PROBLEM
Without including any pictures, copy each entry below exactly.

Segment Start: DATA FOR THIS TASK

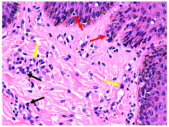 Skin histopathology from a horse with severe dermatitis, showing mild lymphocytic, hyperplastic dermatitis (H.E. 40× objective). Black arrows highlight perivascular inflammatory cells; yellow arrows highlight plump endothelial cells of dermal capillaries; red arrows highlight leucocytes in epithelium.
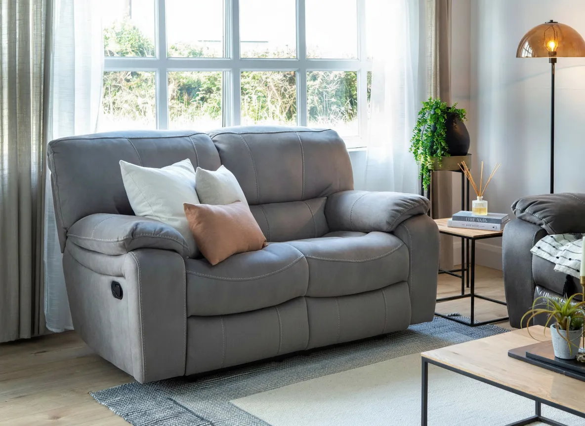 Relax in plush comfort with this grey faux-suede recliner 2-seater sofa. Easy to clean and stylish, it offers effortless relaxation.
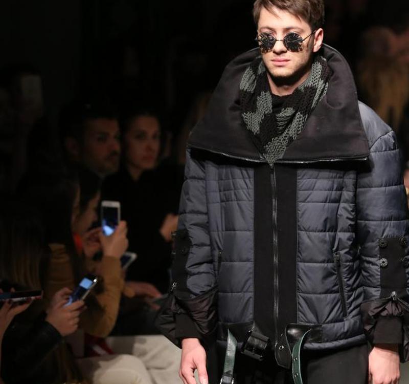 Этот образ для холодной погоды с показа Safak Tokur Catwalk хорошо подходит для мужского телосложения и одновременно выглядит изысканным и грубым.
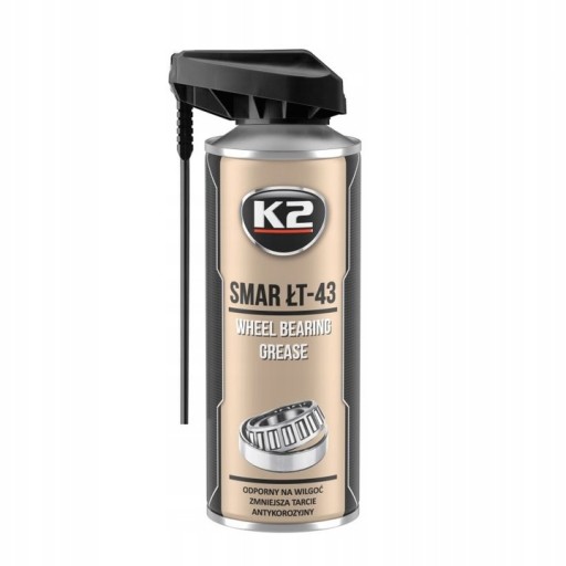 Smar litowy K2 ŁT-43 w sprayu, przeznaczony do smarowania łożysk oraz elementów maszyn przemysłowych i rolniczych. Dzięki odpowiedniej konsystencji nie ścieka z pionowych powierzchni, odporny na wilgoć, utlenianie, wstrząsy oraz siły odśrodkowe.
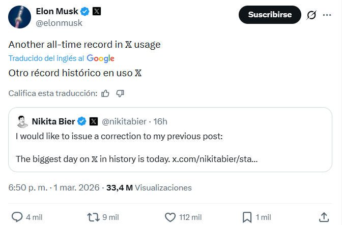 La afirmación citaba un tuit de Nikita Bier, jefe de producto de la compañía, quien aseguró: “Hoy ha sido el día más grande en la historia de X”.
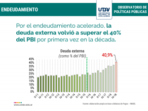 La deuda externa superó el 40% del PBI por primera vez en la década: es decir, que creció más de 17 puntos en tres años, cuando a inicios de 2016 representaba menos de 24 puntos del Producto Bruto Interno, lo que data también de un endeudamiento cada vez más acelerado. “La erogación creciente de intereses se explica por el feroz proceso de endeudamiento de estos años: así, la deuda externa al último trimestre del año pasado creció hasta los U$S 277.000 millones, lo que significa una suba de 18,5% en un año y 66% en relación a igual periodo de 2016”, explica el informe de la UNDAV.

Segment End: DATA FOR THIS TASK

ANSWER TO THIS TASK
 Skin histopathology from a horse with severe dermatitis, showing mild lymphocytic, hyperplastic dermatitis (H.E. 40× objective). Black arrows highlight perivascular inflammatory cells; yellow arrows highlight plump endothelial cells of dermal capillaries; red arrows highlight leucocytes in epithelium.
 Relax in plush comfort with this grey faux-suede recliner 2-seater sofa. Easy to clean and stylish, it offers effortless relaxation.
 Этот образ для холодной погоды с показа Safak Tokur Catwalk хорошо подходит для мужского телосложения и одновременно выглядит изысканным и грубым.
 Smar litowy K2 ŁT-43 w sprayu, przeznaczony do smarowania łożysk oraz elementów maszyn przemysłowych i rolniczych. Dzięki odpowiedniej konsystencji nie ścieka z pionowych powierzchni, odporny na wilgoć, utlenianie, wstrząsy oraz siły odśrodkowe.
 La afirmación citaba un tuit de Nikita Bier, jefe de producto de la compañía, quien aseguró: “Hoy ha sido el día más grande en la historia de X”.
 La deuda externa superó el 40% del PBI por primera vez en la década: es decir, que creció más de 17 puntos en tres años, cuando a inicios de 2016 representaba menos de 24 puntos del Producto Bruto Interno, lo que data también de un endeudamiento cada vez más acelerado. “La erogación creciente de intereses se explica por el feroz proceso de endeudamiento de estos años: así, la deuda externa al último trimestre del año pasado creció hasta los U$S 277.000 millones, lo que significa una suba de 18,5% en un año y 66% en relación a igual periodo de 2016”, explica el informe de la UNDAV.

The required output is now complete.